BUSINESSWEEK: Yes, yes, it’s unsophisticated to blame any given storm on climate change. Men and women in white lab coats tell us—and they’re right—that many factors contribute to each severe weather episode. Climate deniers exploit scientific complexity to avoid any discussion at all. Clarity, however, is not beyond reach. Hurricane Sandy demands it: At least 40 U.S. deaths. Economic losses expected to climb as high as $50 billion. Eight million homes without power. Hundreds of thousands of people evacuated. More than 15,000 flights grounded. Factories, stores, and hospitals shut. Lower Manhattan dark, silent, and underwater.[…] Eric Pooley, senior vice president of the Environmental Defense Fund (and former deputy editor of Bloomberg Businessweek), offers a baseball analogy: “We can’t say that steroids caused any one home run by Barry Bonds, but steroids sure helped him hit more and hit them farther. Now we have weather on steroids.” In an Oct. 30 blog post, Mark Fischetti of Scientific American took a spin through Ph.D.-land and found more and more credentialed experts willing to shrug off the climate caveats. The broadening consensus: “Climate change amps up other basic factors that contribute to big storms. For example, the oceans have warmed, providing more energy for storms. And the Earth’s atmosphere has warmed, so it retains more moisture, which is drawn into storms and is then dumped on us.” Even those of us who are science-phobic can get the gist of that.
If all that doesn’t impress, forget the scientists ostensibly devoted to advancing knowledge and saving lives. Listen instead to corporate insurers committed to compiling statistics for profit. On Oct. 17 the giant German reinsurance company Munich Re issued a prescient report titled Severe Weather in North America. Globally, the rate of extreme weather events is rising, and “nowhere in the world is the rising number of natural catastrophes more evident than in North America.” From 1980 through 2011, weather disasters caused losses totaling $1.06 trillion. Munich Re found “a nearly quintupled number of weather-related loss events in North America for the past three decades.” By contrast, there was “an increase factor of 4 in Asia, 2.5 in Africa, 2 in Europe, and 1.5 in South America.” Human-caused climate change “is believed to contribute to this trend,” the report said, “though it influences various perils in different ways.” Global warming “particularly affects formation of heat waves, droughts, intense precipitation events, and in the long run most probably also tropical cyclone intensity,” Munich Re said. This July was the hottest month recorded in the U.S. since record-keeping began in 1895, according to the National Oceanic and Atmospheric Administration. The U.S. Drought Monitor reported that two-thirds of the continental U.S. suffered drought conditions this summer. MORE
THINK PROGRESS: “Climate-driven changes are already evident over the last few decades for severe thunderstorms, for heavy precipitation and flash flooding, for hurricane activity, and for heatwave, drought and wild-fire dynamics in parts of North America.” So concludes Munich Re, a top reinsurer, in a major new study that, for the first time, links the rapid rise in North American extreme weather catastrophes to manmade climate change.

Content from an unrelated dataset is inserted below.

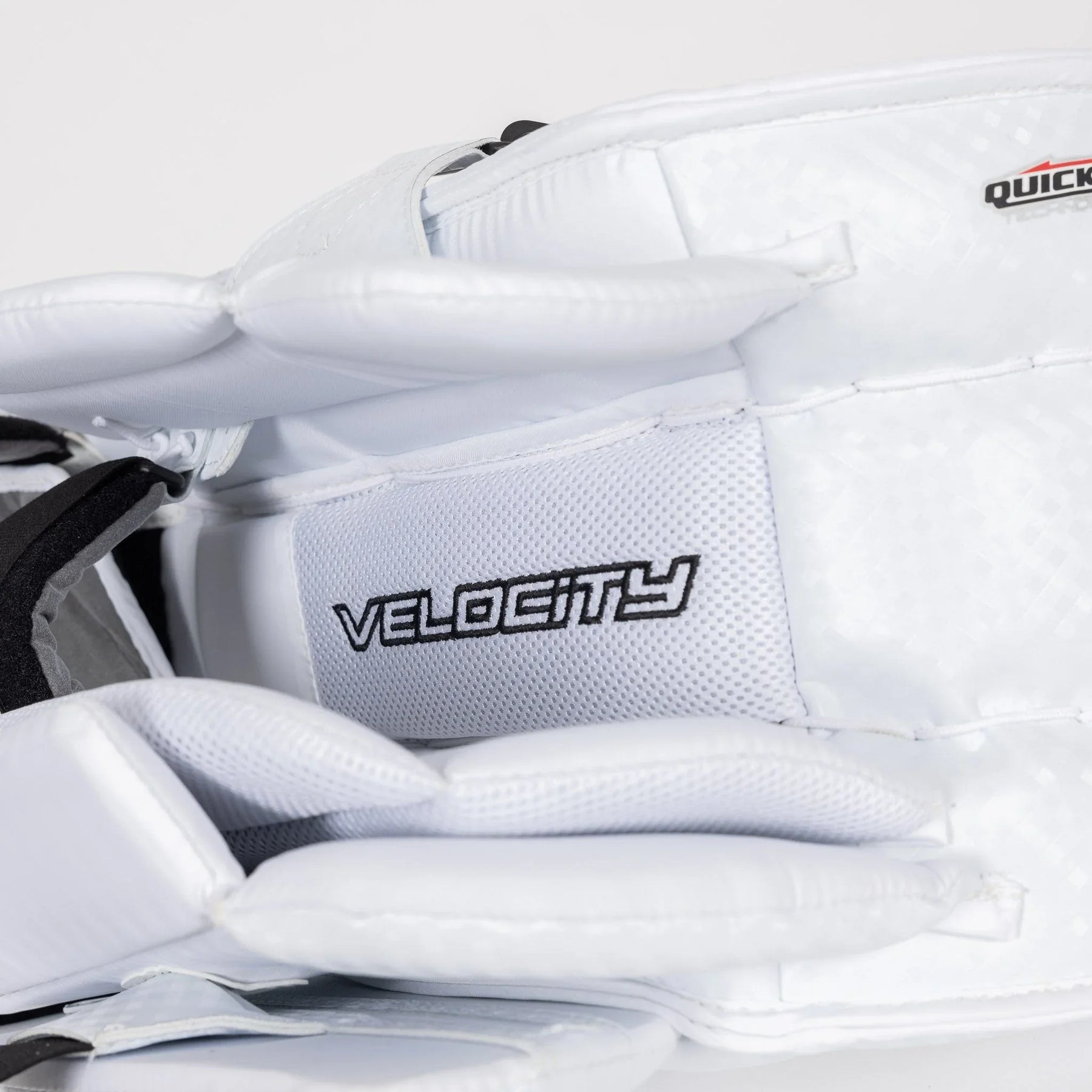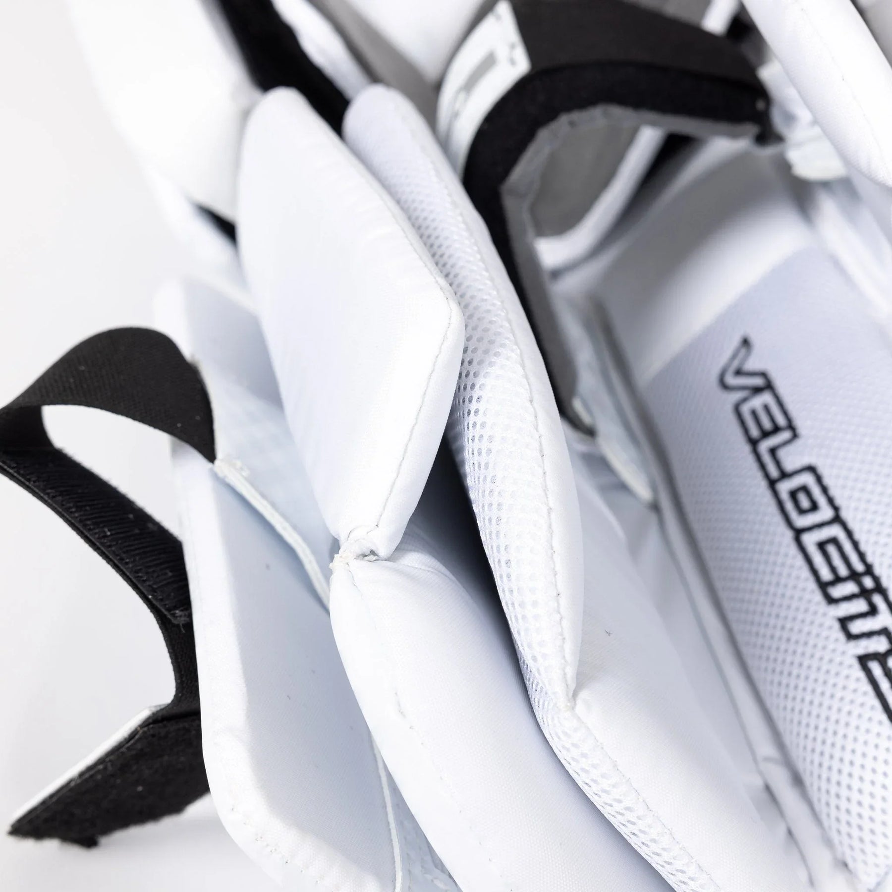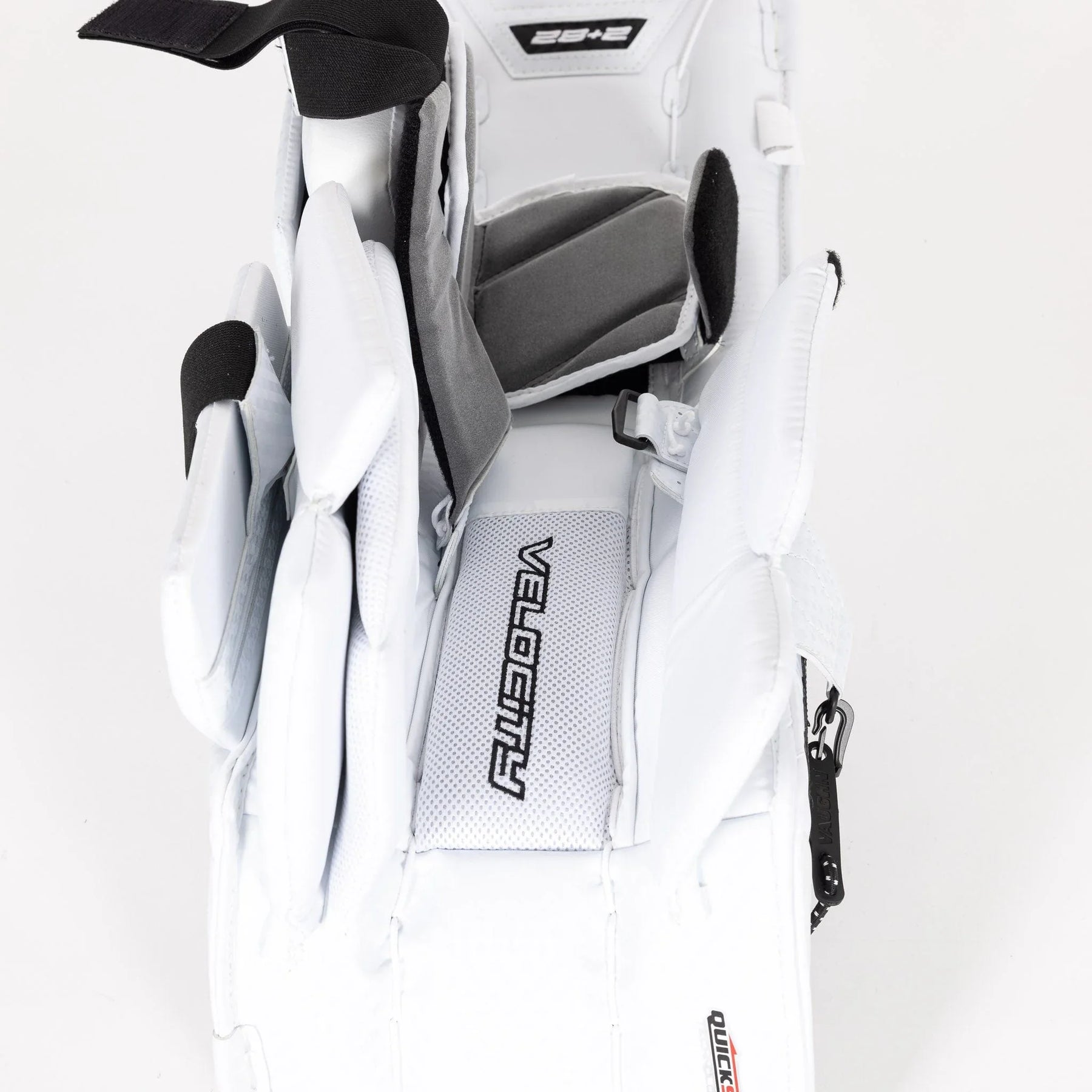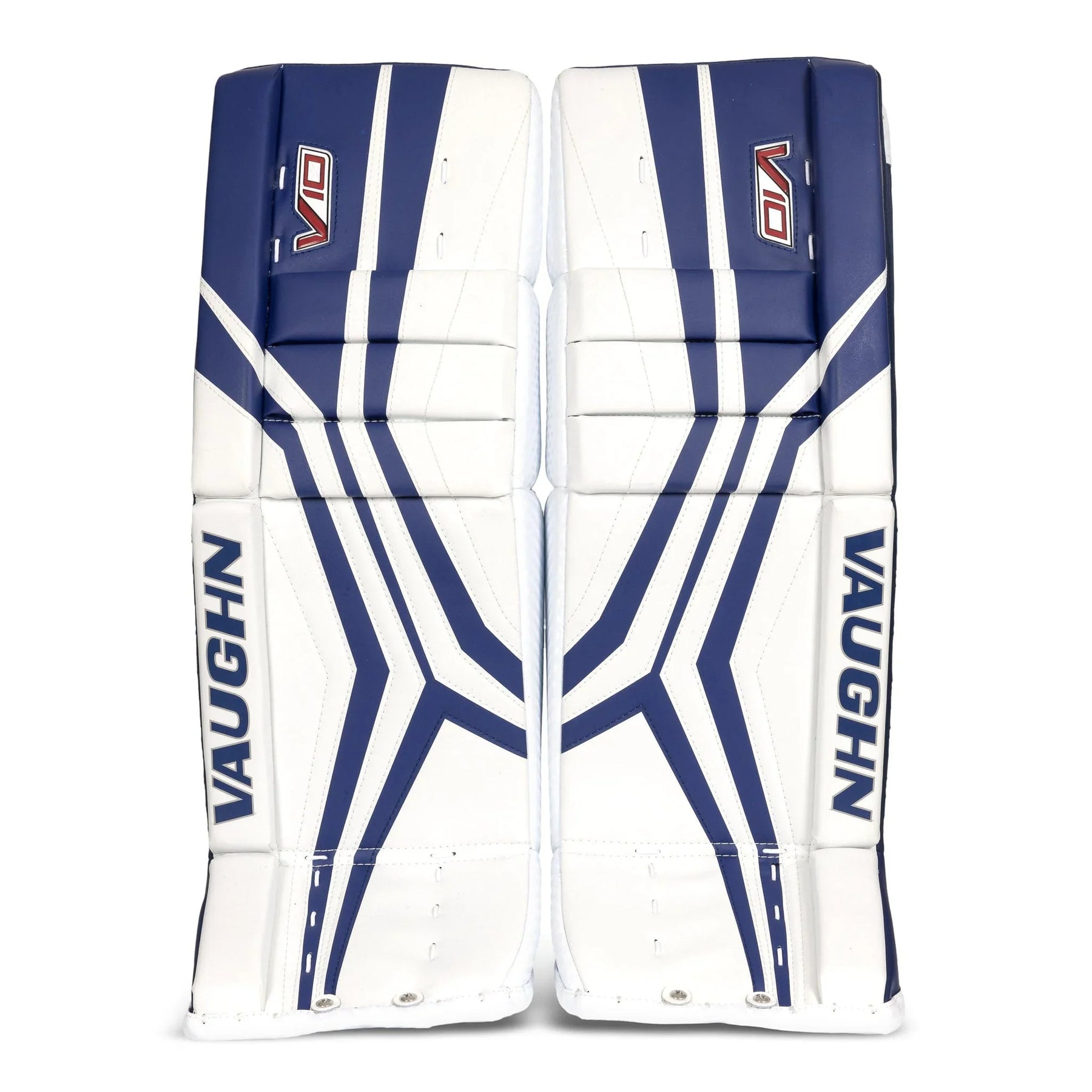 Best price guaranteed.The Vaughn Velocity V10 Junior Goalie Leg Pads boast a firm front surface that enhance active rebounds. It features quick-slide material on the inner pad edge and a bottom trim with the same material. The inner leg cradle is wide and has an extended shape for added comfort. The pad provides extended back leg coverage and showcases a lower profile outside roll with a single break style. With a 2-inch thigh rise and square-shaped inside edge, the pad offers improved coverage. Its outer panel profile is thinner for reduced bulk and it is pre-curved for precision.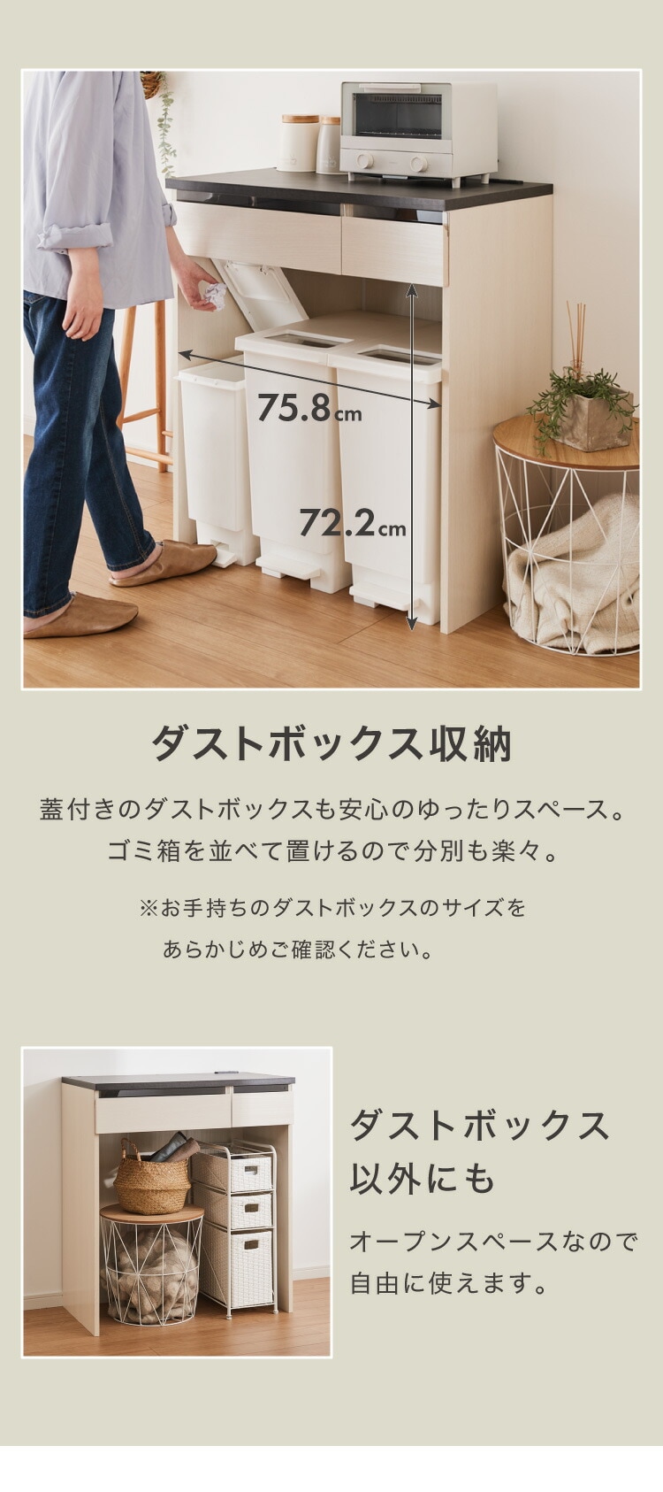 ダストBOX上のスペースを有効活用できる収納台です。

At the same time non-climatic events (earthquakes, volcanos, tsunamis) have hardly changed, as the figure shows. Prof. Peter Höppe, who heads Munich Re’s Geo Risks Research unit, said:
“In all likelihood, we have to regard this finding as an initial climate-change footprint in our US loss data from the last four decades. Previously, there had not been such a strong chain of evidence. If the first effects of climate change are already perceptible, all alerts and measures against it have become even more pressing.”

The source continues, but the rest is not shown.